Absolute Galois group $\text{Gal}(\overline{K}/K)$ of any number field $K$ has a non-open subgroup of any prime index $p$?

Question

Let $K$ be a number field, and let $p$ be a prime number. Does $G = \text{Gal}(\overline{K}/K)$ necessarily have a subgroup of index $p$ that is not open?

Answer 1

Let $K$ be a number field and $G = \text{Gal}(\overline{K}/K)$ its absolute Galois group. The open subgroups of the profinite group $G$ are precisely the "lifts" of the identity $1\in\text{Gal}(L/K)$ (more precisely, kernels of projection maps $G\to \text{Gal}(L/K)$) for finite Galois extensions $L$, and there are countably many $K$-field extensions of any given degree, since $\mathbb{Q}$, hence also $K$, is countable. Thus, $G$ has countably many open subgroups.

Fix a prime $p$. We claim that $G$ has uncountably many subgroups of index $p$, so that at least one — in fact, uncountably many must be non-open, as desired.

To prove this, let $\omega\in \overline{K}$ be a primitive $p$th root of unity. We inductively construct a sequence$$q_1,\,q_2, \,\ldots\in\mathbb{Z}$$of prime integers such that for every $i \ge 1$, the prime $q_i$ is not a $p$th power in $$K\left(\omega,q_1^{1/p},\ldots,q_{i-1}^{1/p}\right),$$where for $i=1$, we just mean $K(\omega)$; for instance, we can just take any $q_i$ not dividing the discriminant of$$K\left(\omega,q_1^{1/p},\dots,q_{i-1}^{1/p}\right),$$so that any $\mathfrak{q} \mid q_i$ is unramified, and in particular $q_i$ is not a $p$th power. Then$$\left[K\left(\omega,q_1^{1/p},\dots,q_i^{1/p}\right):K\left(\omega,q_1^{1/p},\dots,q_{i-1}^{1/p}\right)\right] = p$$ for $i\ge1$.

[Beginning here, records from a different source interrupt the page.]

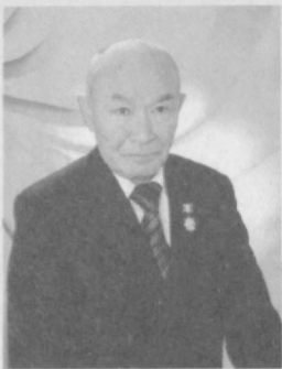
Абдулла ОРИПОВ, Ўзбекистон Қаҳрамони, халқ шоири: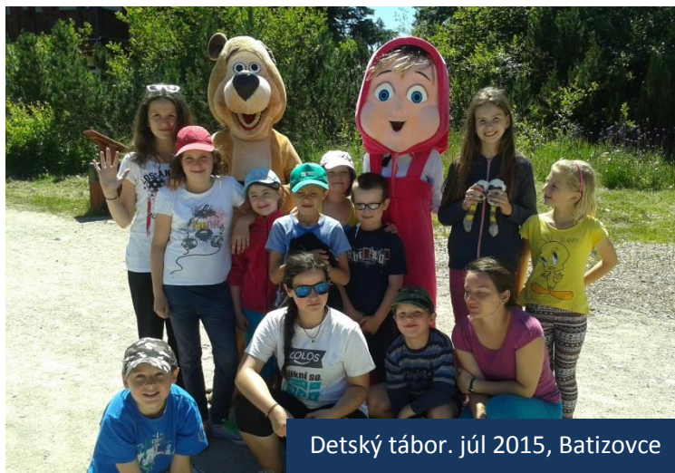
Detský tábor. júl 2015, Batizovce

Nový školský rok na besiedke otvorili Ježišove podobenstvá. V súčasnosti pripravujeme krátky program na Štedrý večer a tiež program na novoročné zborové popoludnie, ktoré sa uskutoční 3.1.2016 v Evanjelickom cirkevnom dome o 14:30 hod. Dieťa je Božím darom pre nás, preto dovoľme deťom prichádzať k Nemu.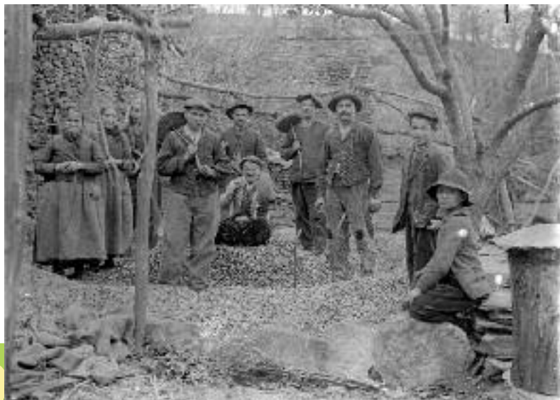
Récolte des châtaignes en 1910-1930

rains escarpés. La cochonnaille, au demeurant délicieuse, qui pendait au plafond de la cuisine, complétait le repas.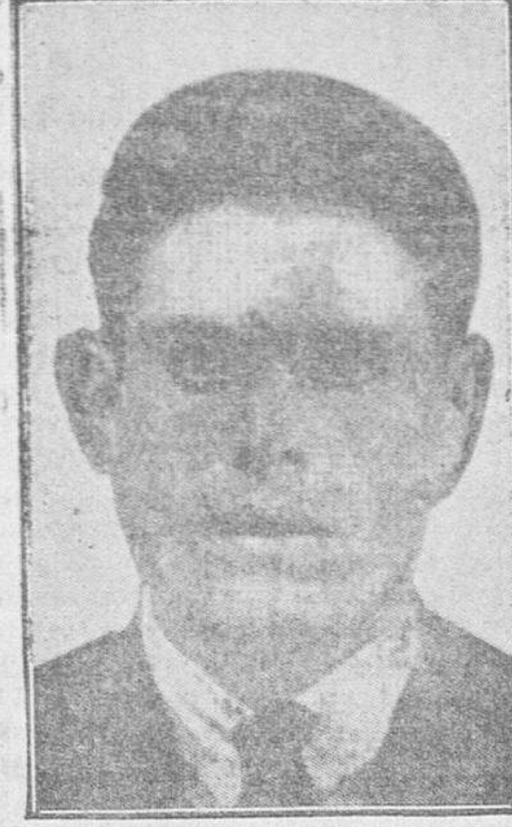
Buenaventura Durruti Domínguez (a) el Gorila, el famoso pistolero, considerado autor de numerosos atracos y atentados y cómplice de Ascaso en el complot contra el Rey

Hemos trabajado sin cesar en la construcción de casas y carreteras, hemos arrastrado cañones de un lado a otro, no hemos comido, hemos padecido hambres, enfermedades, han muerto muchos sufrimos todas vejaciones y castigos... ¿Qué más puedo decir del cautiverio?

Set$$K' = K\left(\omega,q_1^{1/p},q_2^{1/p},\dots\right) \subset \overline{K}.$$Since $\omega\in K'$, we have $K'/K$ Galois, with Galois group$$G' := \text{Gal}(K'/K) \simeq C_{p-1}\times \prod_{i\ge1} C_p \text{ (isomorphism of abelian groups);}$$any $K$-automorphism of $K'$ is uniquely determined by an "independent" choice of values at $\omega$, which has $p-1$ conjugates, and the $q_i^{1/p}$, which each have $p$ conjugates. The infinite product$$\prod_{i\ge1} C_p$$is an infinite-dimensional $\mathbb{F}_p$-vector space, so $G'$ has uncountably many subgroups of index $p$, one for each of uncountably (by a standard diagonalization argument) many $1$-dimensional subspaces of the vector space.

Finally, if$$\pi: G = \text{Gal}(\overline{K}/K)\to \text{Gal}(K'/K) = G'$$denotes the projection induced by the inverse limit — which in the case of Galois groups is given by restriction of $K$-automorphisms via $\iota_{K'\subset\overline{K}}$, since $K$-automorphisms of $\overline{K}$ are still $K$-automorphisms of $K'$ — then$$\left[G:\pi^{-1}(H')\right] = \left[G':H'\right]$$for any finite-index subgroup $H'$ of $G'$ — if$$\bigsqcup x'_j H' = G'$$and $x_j\in G$ is any "$\pi$-lift" of $x_j'$, then$$\bigsqcup x_j \pi^{-1}(H') = \bigsqcup \pi^{-1}(x'_j H') = \pi^{-1}(G') = G$$— so we are done.